Dr K. Ullas Karanth

“Sensibly organized wildlife tourism can contribute significantly to tiger conservation in India by directly benefiting local communities and thereby mitigating their antagonism towards tigers. It can help replace unsustainable extractive forest uses. Such tourism can also build a wider constituency in support of tiger conservation both locally and globally. Even more importantly, I believe there is both urgent need and ample opportunity to expand the land-base for tiger conservation outward from protected areas through private public partnerships that involve ecologically sensible and socially responsible wildlife tourism practices. However, it is also a sad fact that the Indian wildlife tourism sector has hitherto paid scant attention to such concerns and opportunities, largely preoccupying itself with short-term profits. In the process, it lost esteem and goodwill of conservationists as well as local communities. I believe there is a lot that industry-based initiatives such as TOFT can do to reverse this unfortunate situation. Those of us who are striving to save wild tigers against immense odds will welcome such initiatives”.
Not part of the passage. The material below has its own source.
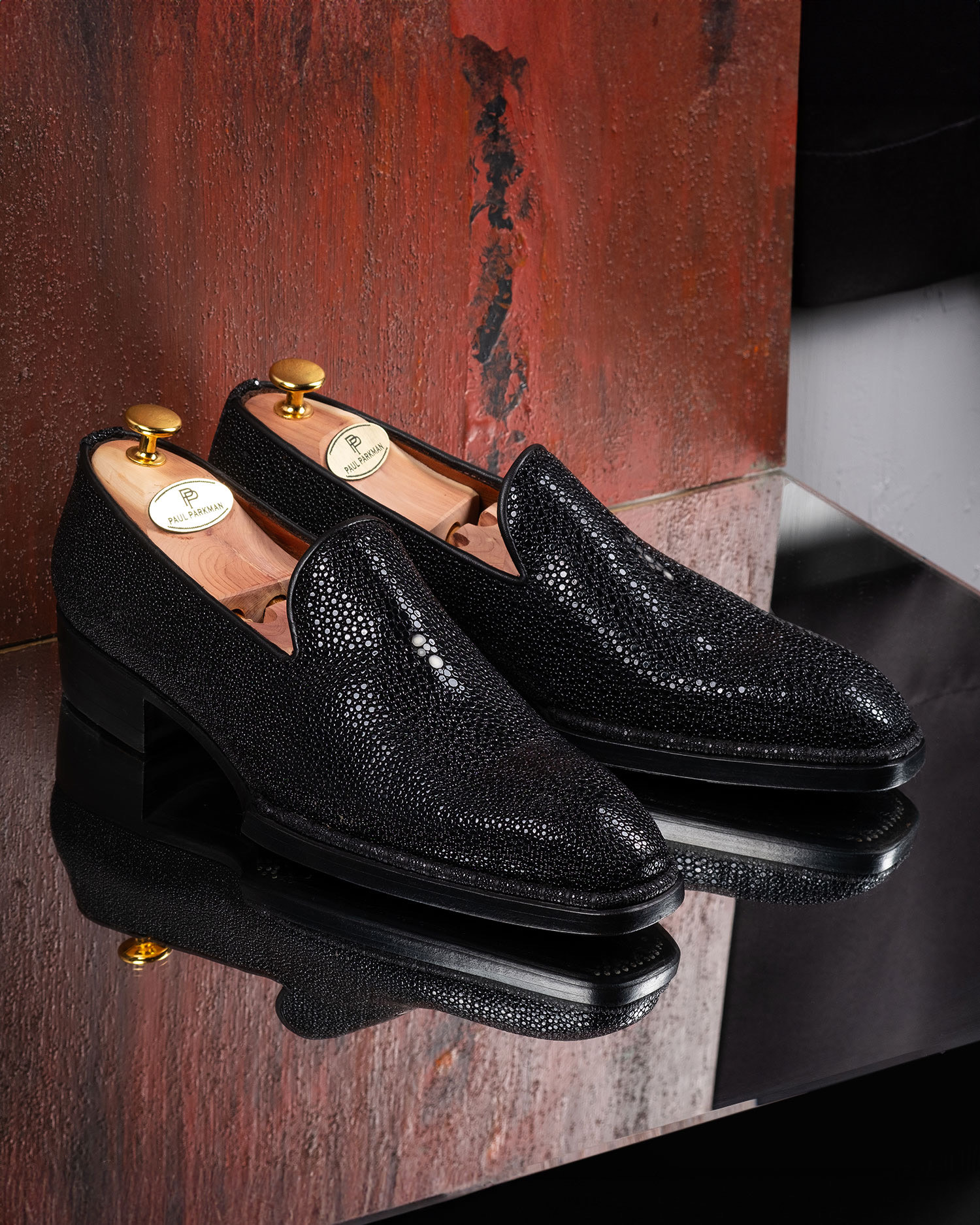 Paul Parkman Men’s Custom-Made Black Stingray Hand Welted Loafers

Dr. K. Ullas Karanth obtained his MS degree in Wildlife Ecology from the University of Florida, USA in 1988 and his Doctorate in Applied Zoology from Mangalore University in 1993. Dr. Karanth is currently a Senior Conservation Scientist with the New York based Wildlife Conservation Society (WCS). He is the Director of WCS India Program and Technical Director of the new world-wide WCS Initiative Tigers Forever.
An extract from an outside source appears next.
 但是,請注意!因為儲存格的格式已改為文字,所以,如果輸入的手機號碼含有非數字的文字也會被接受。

He has conducted extensive long-term research on ecology of tigers, other predators and their prey in Nagarhole Park in India. He has studied predator-prey population ecology in several reserves across India, besides conducting long-term population dynamic studies of tigers in the Western Ghats of Karnataka. His areas of expertise include capture and telemetry of big cats, animal population estimation techniques and resolving human-wildlife conflicts. He pioneered the development of camera trapping protocols, which are now used to estimate numbers of tigers, leopards, jaguars, snow leopards and cheetahs across the world.
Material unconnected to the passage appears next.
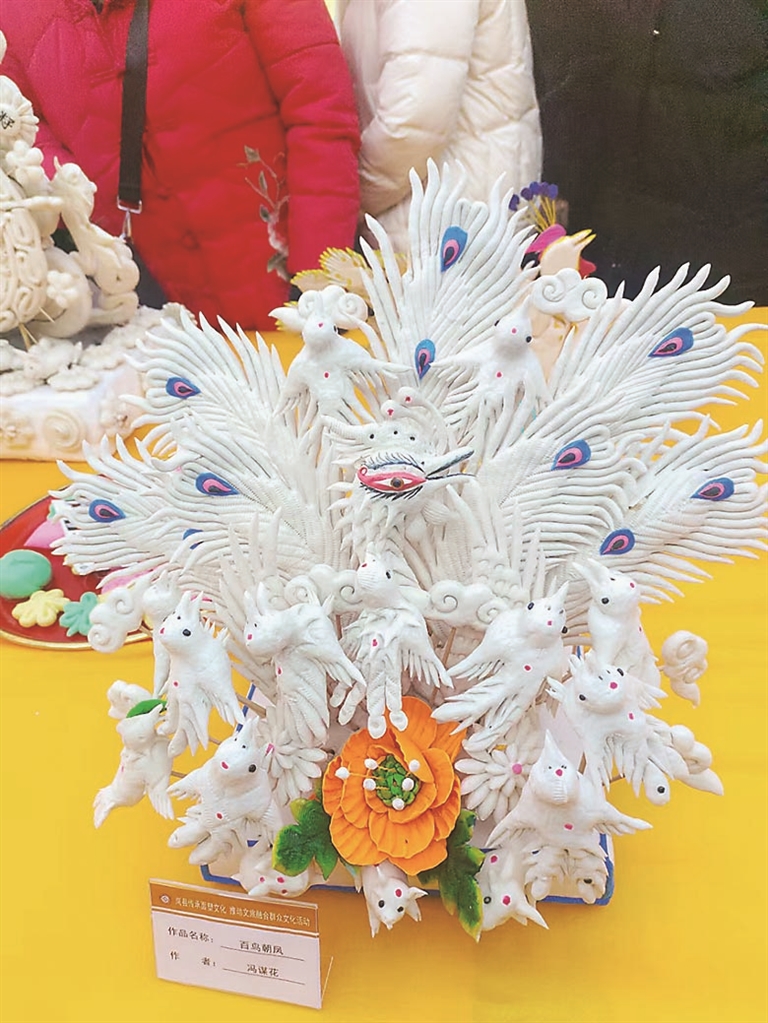 嵐縣面塑的工藝更是獨具匠心。其技藝上最突出的特點是生熟面結(jié)合、發(fā)面與死面結(jié)合,作品造型簡潔渾厚中凸顯粗獷,樸實典雅里透著精巧艷麗,具有整體夸張變形與局部細膩傳神的藝術(shù)效果。制作工序復雜,從和面、塑型、蒸制到插花著色都有著嚴格的講究,塑型手法有搓、捏、搟、拍、拉等數(shù)十種之多。制作工具有瓷盆、面案、剪刀、竹簽、切刀、筷子、鑷子、勺子、細齒梳子、搟面杖、高粱稈、大頭針等,輔料有紅棗、紅豆、黑豆、染成紅色的麥粒、高山花黃籽等。每一個面塑,都承載著創(chuàng)作者的心血與智慧,是嵐縣人民對生活的熱愛與對藝術(shù)的執(zhí)著追求。

His findings have been published in prestigious scientific journals like Proceedings of the National Academy of Sciences, USA; Ecology; PLOS biology, Journal of Animal Ecology, Journal of Zoology, Journal of Tropical Ecology, Conservation Biology and Biological Conservation as well in several scientific books published by Columbia University Press, Cambridge University Press, Island Press. He authored two acclaimed books, The Way of the Tiger and A View from the Machan, and, has co-edited (with Jim Nichols) the book Monitoring Tigers and their Prey.

He is a scientific fellow of the Zoological Society of London and serves on the editorial board of the journals Oryx and Journal of Applied Ecology. He also serves on the IUCN Species Survival Commission’s specialist groups on Cats, Elephants, Wild Cattle and Small Carnivores. Dr. Karanth has also been active in the conservation advocacy and policy arenas and serves as the Scientific Advisor to Wildlife First, a pro-active wildlife advocacy group. He is also the prime mover in a WCS-funded multi-institutional initiative that runs a Graduate Program in Wildlife Biology and Conservation at the National Centre for Biological Sciences at Bangalore. His work on tigers has been covered extensively in national and International media including Nature, Science, Time, New York Times, New Scientist, BBC, Sky, CNN and PBS.